Cut back to the preacher. Face serious, now, all fire and brimstone, sweat prickling on his brow.
" 'And I heard a great voice'", he hissed, " 'out of the temple, saying to the Seven Angels, "go your ways, and pour out the vials of the wrath of God upon the earth!"
" 'And the first went, and poured out his vial upon the earth; and there fell a noisome and grievous sore upon the men which had the mark of the beast; and upon them which worshipped his image!'"
The preacher wiped his brow, as if he'd been overcome then released from some powerful trance. I stifled a yawn.
"Revelations!" He yelled. "Revelations 16, one and two! The prophet foresees the wrath of God, claiming to death and damnation all them miserable sinners and heathens he's marked! Marked on the inside, brothers and sisters! Marked in their very blood!"
He took a deep breath, and in the pause I glanced across the crowd beside me. None of them could stand still; quivering, hopping from foot to foot, shivering in elation.
"Brothers and sisters," the preacher said, "the righteous Cull swept across creation and took from us the means to pursue our iniquities, our selfish agendas, our unholy wars. It took away our great numbers, our great technologies, our great civilisations – ha! Amen! – and left us only with our spirit and our faith. He spared only those without the mark – the O-negs – and all others have perished! Science tells it! The Lord-ah explains it!"
Extreme close-up.
"All were Culled – except one! One great man, whose purity was so great, whose vision so intense, whose strength was so indomitable, that he withstood the mark placed upon his vile family of sinners, that he bore the pain of his ancestry with cheek turned, and was spared, alone in all the world, by the Lord on high!"

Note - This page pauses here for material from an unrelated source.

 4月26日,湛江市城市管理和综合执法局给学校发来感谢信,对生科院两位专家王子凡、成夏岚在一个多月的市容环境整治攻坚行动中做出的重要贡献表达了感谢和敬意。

A crash-zoom, crude and old fashioned, but just right for the intensity of the moment; slinking away from the preacher and straight onto John-Paul's face.
Smiling. Beaming.
Crowd goes wild!
I let myself out at the back of the warehouse whilst the cheers were still echoing about.

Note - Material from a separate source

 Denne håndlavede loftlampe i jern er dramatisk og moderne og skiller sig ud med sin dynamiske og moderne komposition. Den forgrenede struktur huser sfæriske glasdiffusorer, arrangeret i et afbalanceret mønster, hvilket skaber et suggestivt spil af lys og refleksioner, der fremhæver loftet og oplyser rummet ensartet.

He should be dead, the old shit. He should have choked and died.
Oh, fuck, I know, it could easily be a fake. Who's to say they're cutting to that same microscope as the one in the studio? Who's to say it's not someone else's blood in the syringe? But I've seen the cockups, when the blood of the acolytes react weirdly because of this or that blood disease, or some other unusual condition. I've seen the episodes where they have to fetch replacements, or the preacher's used his own blood, or the microscope-camera fucks-up and they have to mix such massive quantities – live in Petri dishes – that the Abbot ends-up looking whiter than a sheet.
Always the same. Always the clotting and the clumping.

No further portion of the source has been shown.